The Big Book, 3rd Edition, Doctor, Alcoholic, Addict, page 448.
On the contrary, sobriety is most assuredly a matter of will power and self-control. Nobody else is going to do the quitting for you. Nobody else CAN do the quitting for you. Nobody else is going to hold your hand every Saturday night.
But Bill Wilson kept insisting that the truth was just the opposite. In his second book, written a dozen years later, he wrote:
We had approached A.A. expecting to be taught self-confidence. Then we had been told that so far as alcohol is concerned, self-confidence was no good whatever; in fact, it was a total liability. Our sponsors declared that we were the victims of a mental obsession so subtly powerful that no amount of human willpower could break it. There was, they said, no such thing as the personal conquest of this compulsion by the unaided will. ... It was a statistical fact that alcoholics almost never recovered on their own resources.
Twelve Steps and Twelve Traditions, William Wilson, page 22.
That is distortions, falsehoods, and outright lies. The true part of that is, "Yes, the sponsors did tell such falsehoods to the newcomers." But nobody is "powerless" over alcohol, and will power most assuredly can break the addiction, and self-confidence is a big help.
The statement that "It was a statistical fact that alcoholics almost never recovered on their own resources" is a blatant lie, for two reasons:
- First off, MOST of the people who recover from alcoholism, like 75 or 80 percent of them, do it alone, without A.A. or any "treatment" or any "group therapy" program of any kind. The Harvard Medical School says so. But Bill Wilson didn't want people to know that; they would realize that they don't need to be dependent upon A.A. for their recovery.
- The other reason that "statistical" statement is a lie is more subtle: Bill was implying that the A.A. way yields a higher success rate than people trying to quit drinking by themselves. That is completely false. Bill's cult religion program had, and still has, a horrendous failure rate. Many tests have shown that getting no 'treatment' at all is better than A.A. 'treatment' or help.
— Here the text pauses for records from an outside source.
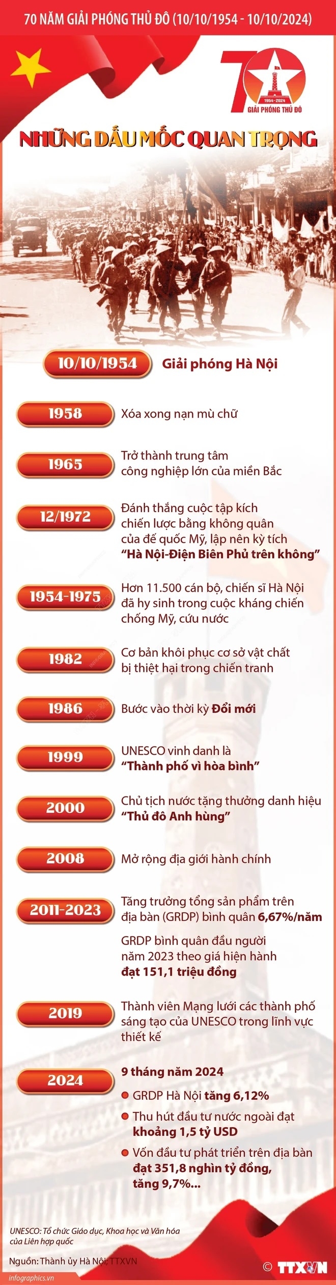 70 năm trước, ngày 10-10-1954, Thủ đô Hà Nội được giải phóng, mở đầu thời kỳ xây dựng chủ nghĩa xã hội ở miền Bắc và đấu tranh giải phóng miền Nam, thống nhất đất nước.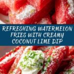 Transfer the coconut lime dip to a pretty serving bowl and if you like, sprinkle some shredded coconut or fresh chopped mint on top for a burst of texture and color. Remove your chilled watermelon fries from the fridge, arrange them on a platter, and you’re ready to indulge in this vibrant, refreshing treat!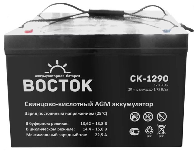 Une paire de puissantes batteries gel 200 Ah avec (puissance nominale 4,8 kW). Il s'agit d'une journée de fonctionnement d'appareils électriques avec une consommation non-stop de 180-200 watts. Les dispositifs de stockage d'énergie sont résistants au gel, c'est-à-dire qu'ils peuvent être installés dans le grenier et, comme ils sont sûrs, ils peuvent également être situés à côté des pièces d'habitation.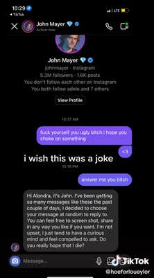 One fan may have taken it a bit too far after she sent hate to Mayer via Instagram message. She showed the note in a series of viral TikToks, one of which received 11,000 likes before all videos were set to private. Although the videos are no longer viewable, the DM has made its way to Twitter and Deuxmoi.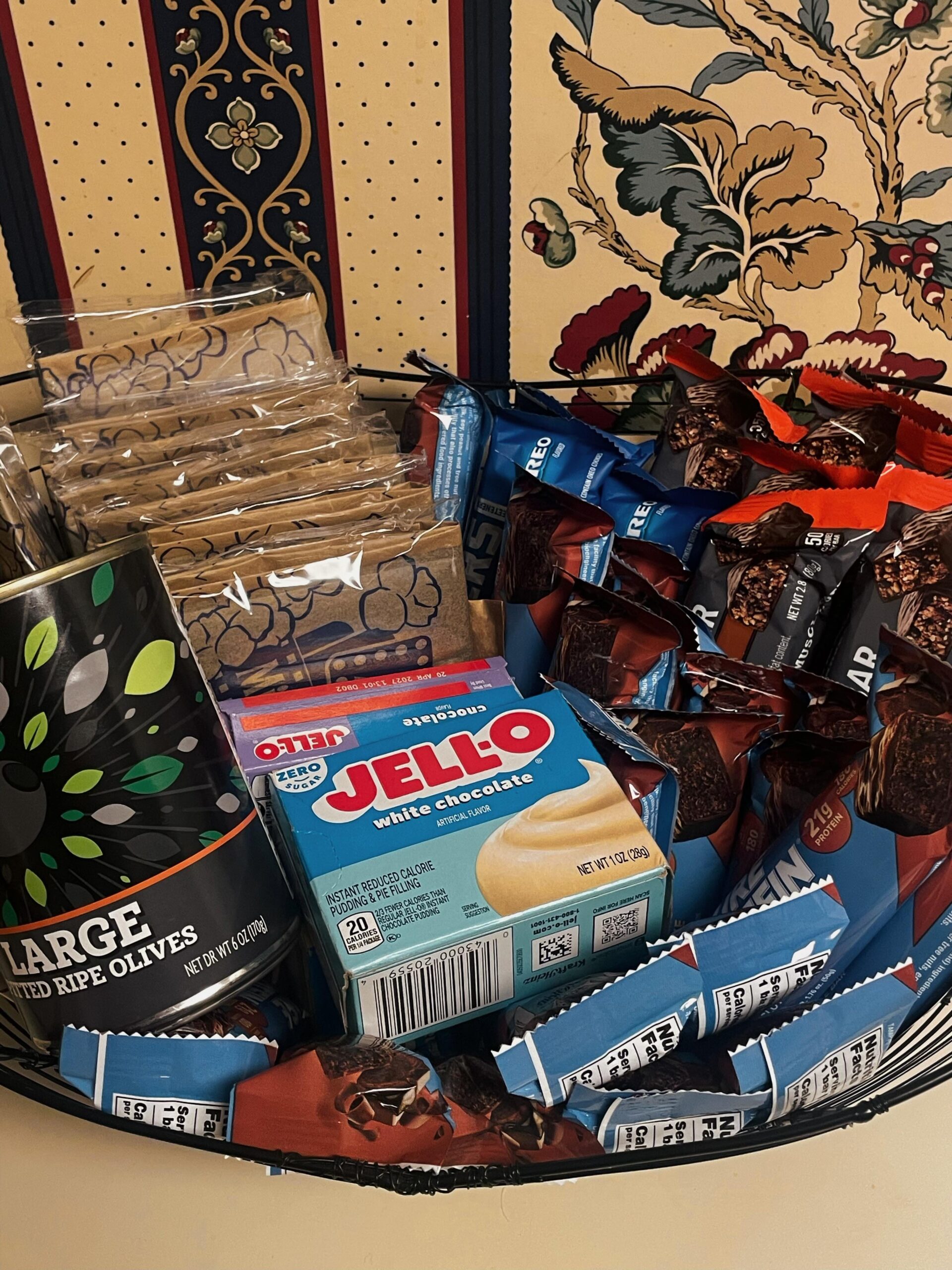 low fat popcorn, jello powders, olives, and a variety of protein bars! having this snack stash made me stop browsing food delivery apps for sweet and salty snacks 🫶🏻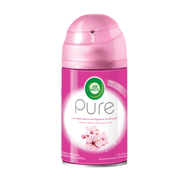 Air Wick Freshmatic Autospray air freshener refill releases bursts of continuous fresh fragrance for up to 70 days. Delight your senses with aromatic Cherry Blossom essence that neutralizes odour 24/7, giving a welcoming touch to any space - 250 ml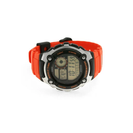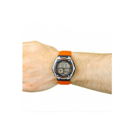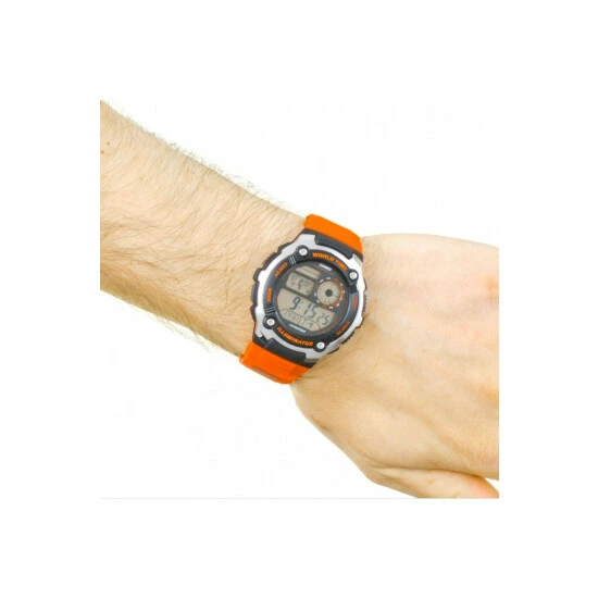 Primary Material : Stainless Steel | Case depth approx : 15.00mm | Case width approx : 47.00mm | Case shape : Circle | Strap type : Rubber Strap | Strap colour : Orange | Clasp type : Strap buckle | Dial colour : LCD | Glass : Acrylic | Movement : Quartz | Movement Source : Japan | Water Resistance : 200 metres | Includes date and alarm functions | Guarantee : 2 years

Fewer people die, fewer people get rearrested for public drunkenness, and fewer people go on intense drinking binges when they don't get any Alcoholics Anonymous. And more people quit drinking and stay quit if they don't get any Alcoholics Anonymous "help".
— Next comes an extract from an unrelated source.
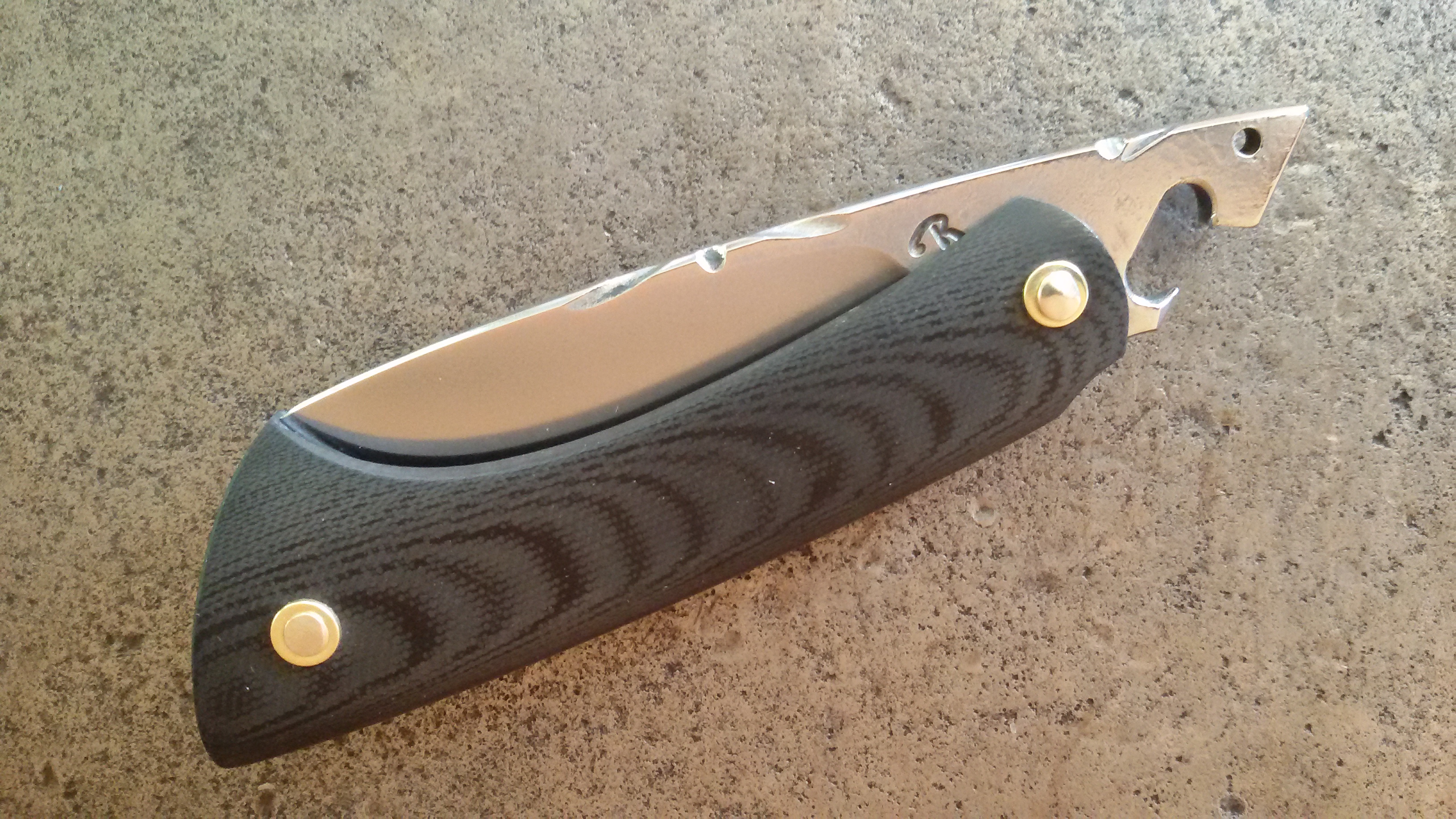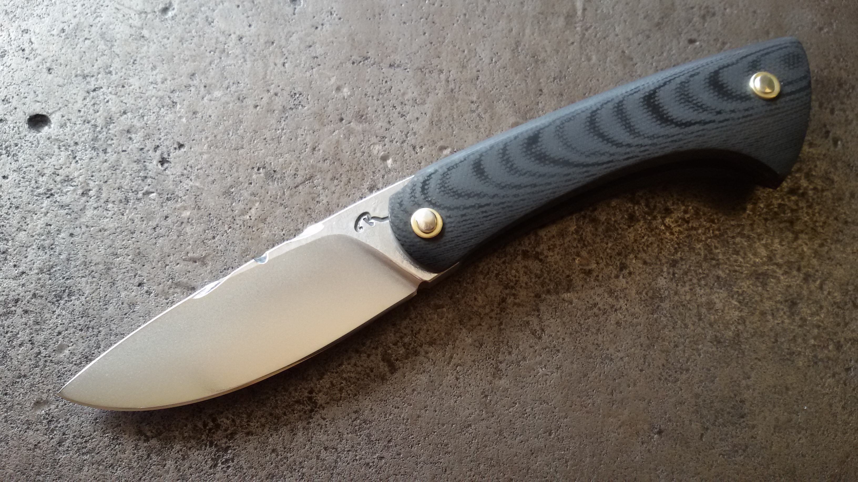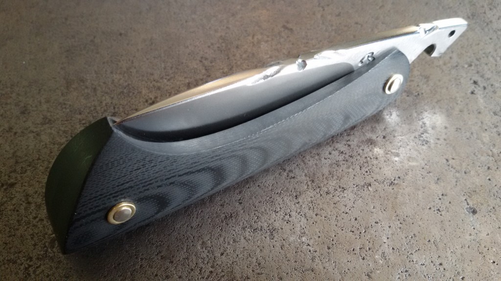 Requin Mousse avec manche G10 Noir et lame 100 C6 Sablée. Vendu.

Bill Wilson would have been much closer to the truth if he had written,
"It was a statistical fact that alcoholics almost never recovered in Alcoholics Anonymous. More than eighty percent of the newcomers were gone in a month; ninety-five percent were gone in a year, ninety-nine percent were gone in ten years. You have no conception these days of how much failure we had."
Nobody is powerless over urges, cravings, or temptations. Just because you feel an urge or a craving doesn't mean that you have to give in to it, and feed it. The way to quit drinking is not to expect God to just magically remove all desire for drink. The way to quit is to just not give in to the cravings that will inevitably come. And lots of alcoholics do succeed in quitting drinking by doing just that.
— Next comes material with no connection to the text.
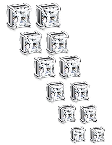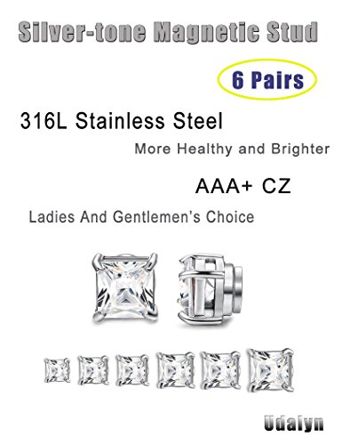 Udalyn 6 Pairs Stainless Steel Magnetic Earrings :Square Cubic Zirconia Magnetic Stud Earrings Set, Simple And Stylish, Elegant For Female, Gentle For Male; AAA+ CZ And High Quality Stainless Steel, With Stronger Magnet, Made The Set More Noble
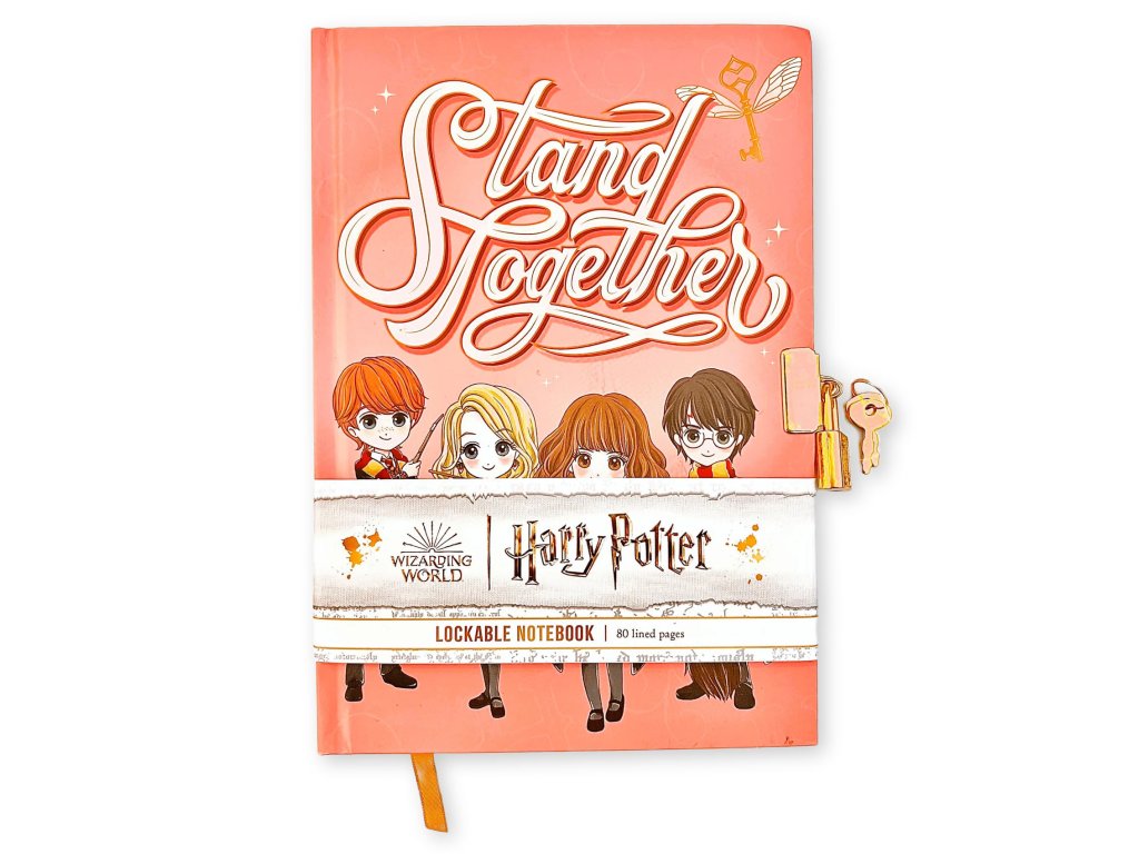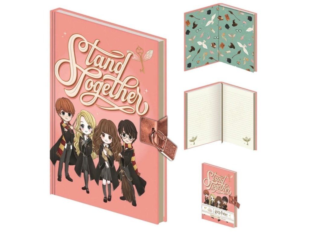 Originální zápisník pro fanoušky Harry Pottera - zamkněte svá tajemství pomocí zámečku, aby nikam neutekla! Zápisník v pevných deskách je linkovaný a zdobí ho grafika věrných přátel z Bradavic - Harryho, Hermiony, Rona a Lenky Láskorádové.

I'm not the only one who has noticed this contradiction. Herbert Fingarette wrote in his book Heavy Drinking:If the alcoholic's ailment is a disease that causes an inability to abstain from drinking, how can a program insist on voluntary abstention as a condition for treatment? (And if alcoholics who enter these programs do voluntarily abstain — as in fact they generally do — then of what value is the [disease] notion of loss of control?) |
Bill Wilson declared that he was "powerless" over every urge or craving he ever had, no matter whether it was a thirst for alcohol, cravings for cigarettes, greed for money, or the urge to cheat on his wife Lois by having sex with all of the pretty young women who came to the A.A. meetings. That's one of the more novel and creative excuses for cheating on your wife, but it doesn't wash.